For a moment she felt hollow and empty, the memory of him lost, like he’d left once more.
She stood from the table, leaving the paper where it was. It was a mistake to write something so valuable on a piece of paper that already held meaningless words. Her memory was too important to trust to that. She crossed the small box to take one of the journals from the top of her dresser. The piece of paper was tucked safely amongst the soft white paper in the journal that had cost her far too much to buy. It was the first one she bought for herself. It was the oldest one she had, and the emptiest. She couldn’t bring herself to fill the pages with anything but something precious. Tate was one of those things. Maybe if the page spent time with something so valuable, the meaningless words wouldn’t seem like such a tragedy.
The journal was replaced on the dresser before she cracked the windows open. The winds had started up again, but she didn’t care. The air in the apartment was too thick and stale for her lungs.
I’ll come running to you, honey when you want me echoed through her mind. Nobody ever meant what was sung in a song. She’d accepted that fact long ago. Songs were what people wanted life to be like. Nobody came when they were needed and nobody loved anybody forever. That was impossible. It was a nice thought, though.

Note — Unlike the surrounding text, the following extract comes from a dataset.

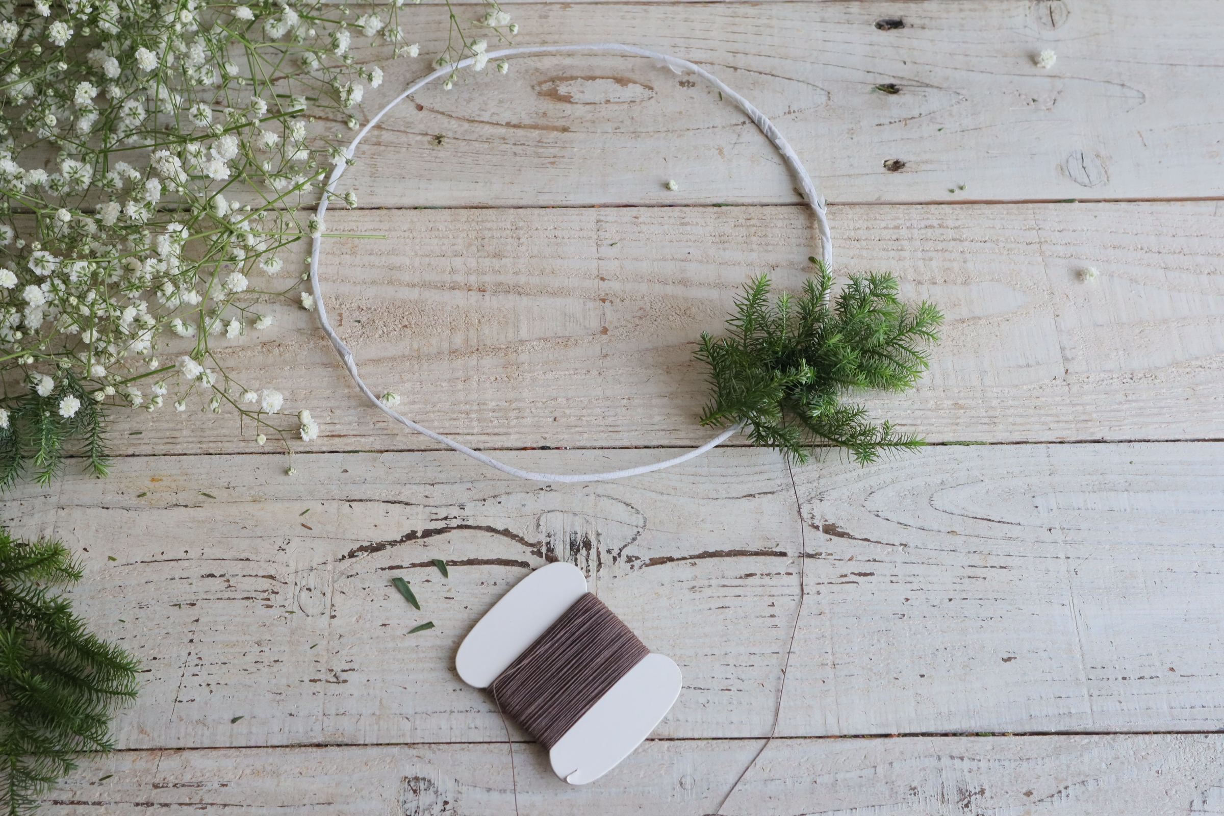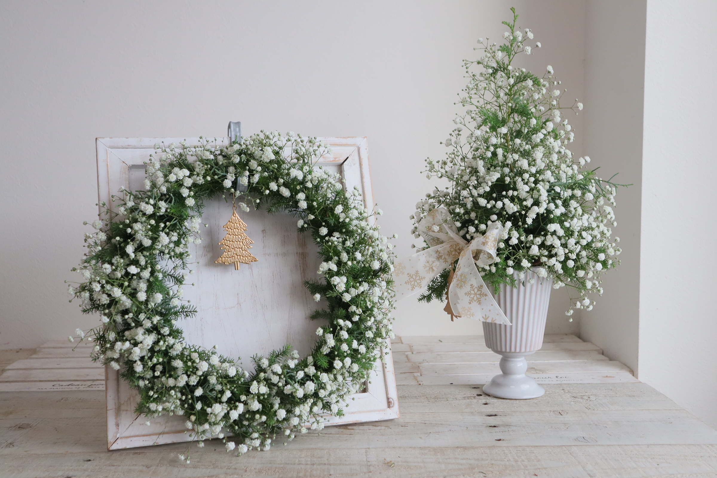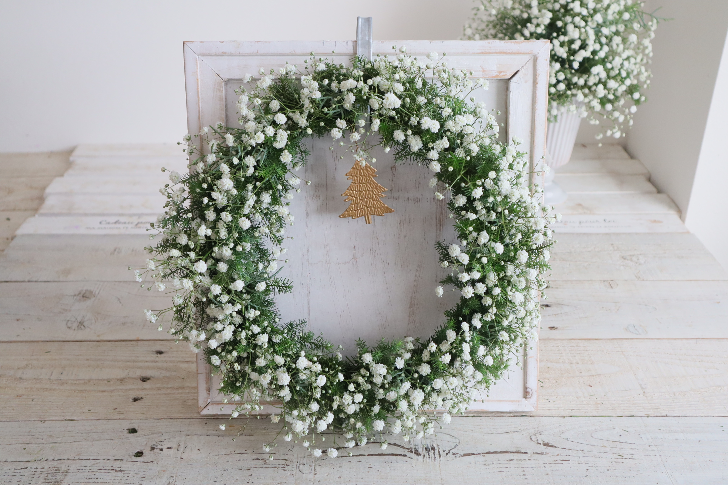 レッスン インテリア/『かすみ草でホワイトクリスマス(リース)』の作り方
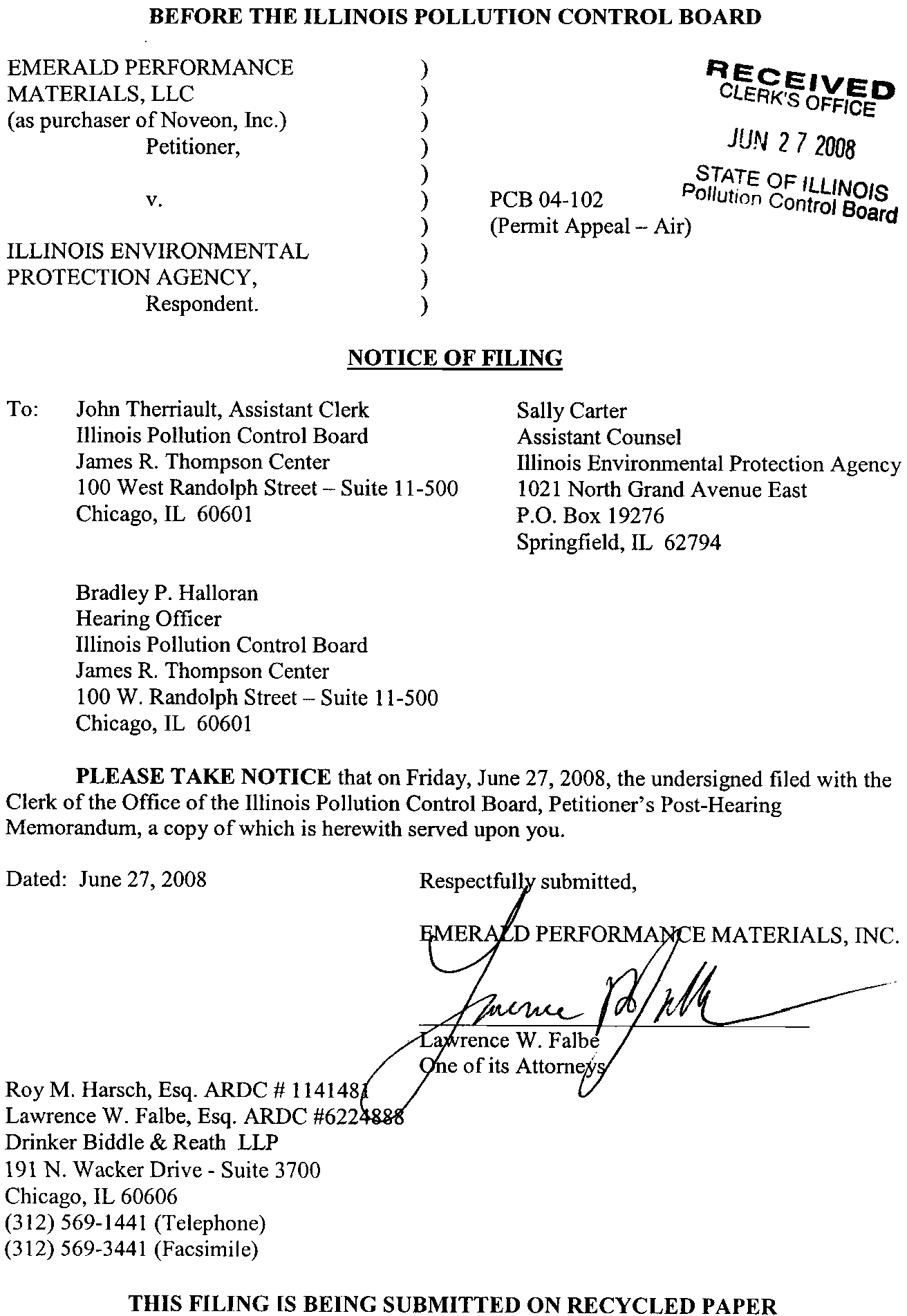 Clerk of the Office of the Illinois Pollution Control Board, Petitioner's Post-Hearing

What did Blue sing about, she wondered. Her breath caught in her chest. She could remember the soft drift of his guitar music across the beach, over the crashing of the ocean. He hadn’t been singing that night. Someone else had-- what was his name? She could never remember. It never seemed to matter how many times she went to those beach parties, she always received more introductions than hellos.
Did he sing about love too? Cheesy words that made people smile and fall in love with him from across the bar? She found it hard to believe. Maybe not hard, but she didn’t want to. She didn’t like the thought that he could feed people lines about how beautiful they were and kissing women forever, and make those drunken girls in the corner fall in love with him. Would they fantasize a wedding day with him, or just fucking? She wagered it was the latter. She exhaled the breath that caught in her chest. She tried to ignore the thoughts of Blue and the helpless women.
She sang The Velvet Revolver’s song to herself as she stretched out on her bed. Thoughts of Tate and their childhood were more comfortable to her than thoughts of the man on the beach. At least she knew where memories ended. They didn’t end with hUer fantasizing about a man she didn’t know. They didn’t end with her becoming one of those helpless women, those Blind Sues. They ended with her feeling safe in her small hovel.
They ended with her feeling like she had escaped. She was able to breathe then.